FIG. 1 is a flow chart of a method for detecting phase fraction of a multiphase flow according to an embodiment of the present invention;

FIG. 2 is a flow chart of determining a first amplitude of a free running decay signal in an embodiment of the present invention;

FIG. 3 is a flowchart of the scanning of the echo spacing pulse sequence according to an embodiment of the present invention;

FIG. 4 is a flow chart of the phase fraction detection of the multiphase stream in an embodiment of the present invention;

fig. 5A and 5B are schematic diagrams of a pulse sequence with a varying echo spacing according to an embodiment of the present invention.

Detailed Description

The embodiment of the invention provides a method for detecting the multiphase flow phase content, which is suitable for all laboratories and engineering application fields related to (three-phase and within) online measurement of the multiphase flow phase content.

The technical solutions in the embodiments of the present invention will be clearly and completely described below with reference to the drawings in the embodiments of the present invention, and it is obvious that the described embodiments are only a part of the embodiments of the present invention, and not all of the embodiments. All other embodiments, which can be derived by a person skilled in the art from the embodiments given herein without making any creative effort, shall fall within the protection scope of the present invention.

At present, the existing multiphase flow phase content detection method relates to online detection of phase content of oil-gas-water three-phase flow, and mainly aims at detecting the phase content of relaxation time differences of components of the three-phase flow.

Fig. 1 is a flowchart illustrating a method for detecting a phase fraction of a multiphase flow according to an embodiment of the present invention, where the method includes:

step S1, sampling the multiphase flow to be measured to obtain a multiphase flow sample, and performing three-phase separation on oil, gas and water in the multiphase flow sample.

The multiphase flow to be detected is sampled, then oil, gas and water are separated in a standing or centrifugal mode, and the gas in the multiphase flow sample is natural gas.

Step S2, performing nuclear magnetic resonance on the purified water and the water and oil in the multiphase flow sample respectively to obtain corresponding first amplitude values of the free attenuation signals, and determining the hydrogen-containing index corresponding to the water and the oil in the multiphase flow sample by using the first amplitude values.
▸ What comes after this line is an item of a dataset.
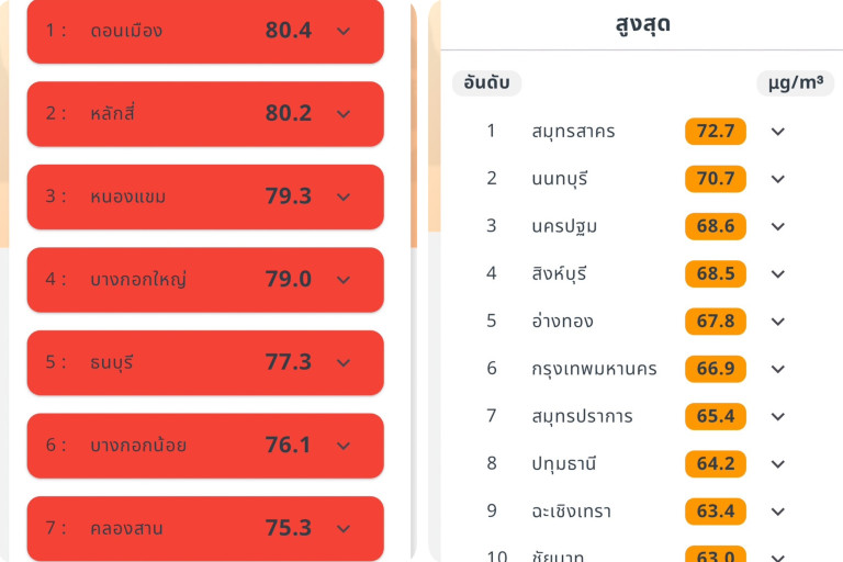 GISTDA เกาะติดสถานการณ์ฝุ่น PM 2.5 ด้วยข้อมูลจากดาวเทียมรายชั่วโมงผ่านแอปพลิเคชั่น “เช็คฝุ่น” (เวลา 8.00 ของวันที่ 11 ธันวาคม 2567) กรุงเทพมหานครพบค่าคุณภาพอากาศเกินเกณฑ์มาตรฐาน โดยพบ 8 เขตพื้นที่ที่มีผลกระทบต่อสุขภาพและระบบทางเดินหายใจ(สีแดง) คือ #ดอนเมือง 80.4 ไมโครกรัม #หลักสี่ 80.2 ไมโครกรัม #หนองแขม 79.3 ไมโครกรัม #บางกอกใหญ่ 79 ไมโครกรัม #ธนบุรี 77.3 ไมโครกรัม #บางกอกน้อย 76.1 ไมโครกรัม #คลองสาน 75.3 ไมโครกรัม #วังทองหลาง 75.1 ไมโครกรัม ในส่วนเขตพื้นที่อื่นๆ พบค่าคุณภาพอากาศที่เริ่มมีผลกระทบต่อสุขภาพ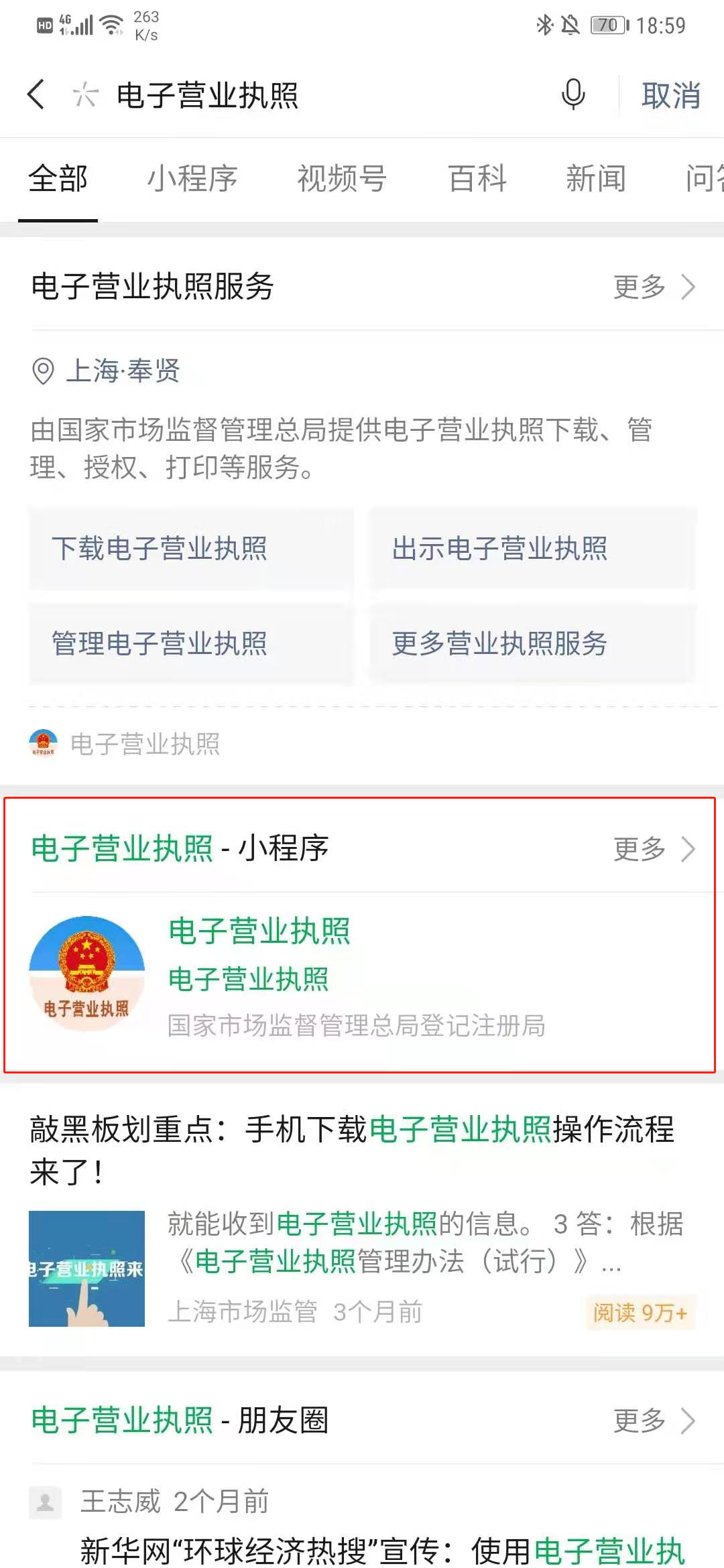 3.在搜索栏中输入“电子营业执照”,即可以查询出 “电子营业执照”小程序;

The method comprises the steps of utilizing a multiphase flow nuclear magnetic resonance flowmeter to perform nuclear magnetic resonance on water and oil in purified water and a multiphase flow sample respectively, and measuring a first amplitude value of a free attenuation (FID) signal. Furthermore, the ratio of the first amplitude of the FID of the oil and water sample to the first amplitude of the FID of the pure water reagent is the hydrogen index of the oil and water.
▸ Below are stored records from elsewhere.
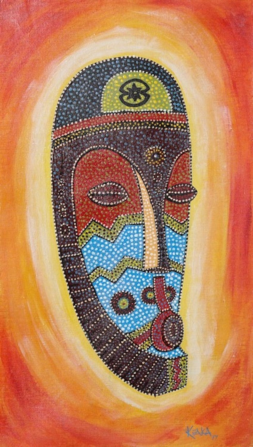 Acrylic Impressionist Style Painting of African Mask 'Other People's Misfortune' Item ID: 2669889648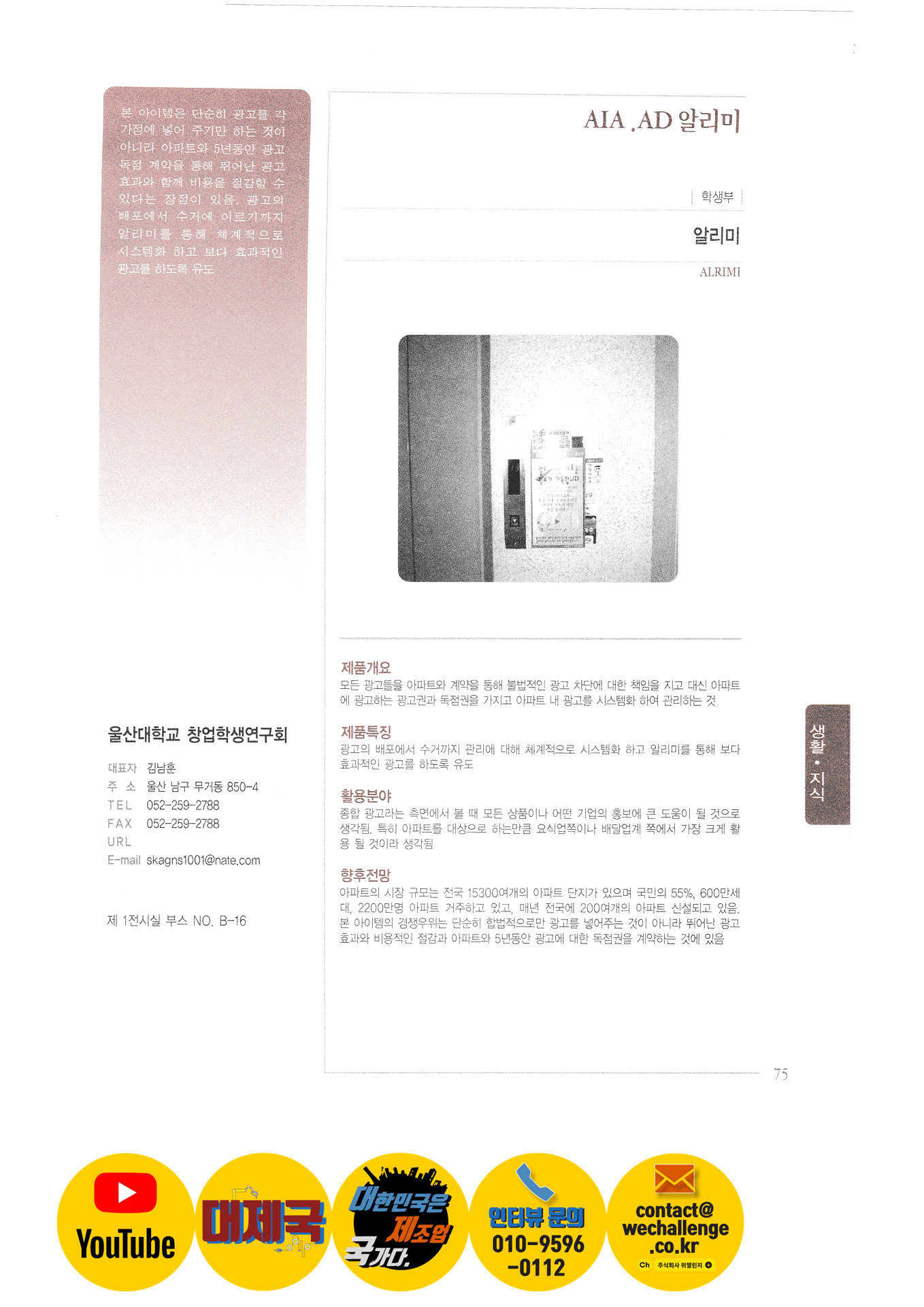 มีนบี บาน การออกแบบ Cera โซโลมอน endothelium ของเด็ก สมาคมวิจัยนักศึกษาผู้ประกอบการมหาวิทยาลัยแห่งอุลซาน Chunhae University Startup Club BIS แทแบค สิ่งทอซินโดรม ทำลายเพิ่ม มันคือสมุนไพร KM Enterprise ลีไฮ - เทค nocnoc PURECO ระบบ SG TEE Nanophotonics Inc. บจก. เน็กไซท์ บจก. เน็ตปลั๊ก แผนที่ซอฟท์ มีเดียเวฟ บริษัท ซันเมดิเทค จำกัด เจ. ดี. เทคโนโลยี VMMS มีเดีย Apo Infotics G&G Commerce บริษัท KnetP จำกัด มาโครโทรศัพท์ มะม่วง วิสัยทัศน์มาโคร Ireal AirWins |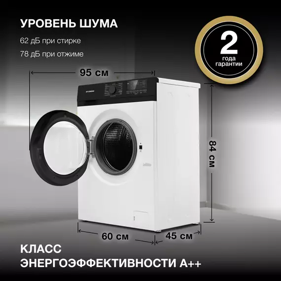 Стиральная машина Hyundai WME6009 класс: A++, загр.фронтальная, макс.:6кг, белый

Step S3, a diffusion editing pulse sequence is applied to the water and the oil in the multiphase flow sample, and the diffusion coefficient corresponding to the water and the oil in the multiphase flow sample is obtained.

Wherein, a Diffusion editing (Diffusion editing) pulse sequence is applied to oil and water samples in the multiphase flow sample, and the Diffusion coefficients of the oil and the water are obtained by measurement.

Step S4, pulse-emitting the multiphase flow to be tested by using the variable echo interval pulse sequence to obtain echo signals, and determining the corresponding phase content rates of oil, gas and water in the multiphase flow to be tested according to the echo signals, the hydrogen-containing index and the diffusion coefficient.

The method comprises the steps of adopting a variable echo interval pulse sequence to carry out pulse transmission on multiphase flow to be detected, and successively carrying out two times of scanning with different half echo intervals to obtain echo signals corresponding to the two times of scanning. In addition, the corresponding phase content rates of the oil, gas and water in the multiphase flow to be detected are determined according to different echo intervals, echo signals, hydrogen-containing indexes and diffusion coefficients of the pulse sequences scanned twice. Specifically, the phase fraction includes oil content, gas content and water content.

As an embodiment of the invention, the method further comprises: the corresponding phase content of three single-phase fluids of oil, gas and water are used for petroleum exploitation, gathering and transportation, fracturing and oil testing. For example: during oil exploitation, the oil reservoir dynamics can be known according to the oil content of the liquid phase, and the optimization of an exploitation strategy is guided; in the gathering and transportation link, the water content can guide the watering operation; in the fracturing and oil testing links, the gas content, the water content and the oil content are dynamically changed, and real-time monitoring is very important for accurately grasping the fracturing effect and evaluating the productivity.

As an embodiment of the present invention, the three-phase separation of oil, gas and water in a multiphase flow sample comprises: three-phase separation is carried out on the multiphase flow sample by using a standing mode or a centrifugal technology to obtain three single-phase fluids of oil, gas and water.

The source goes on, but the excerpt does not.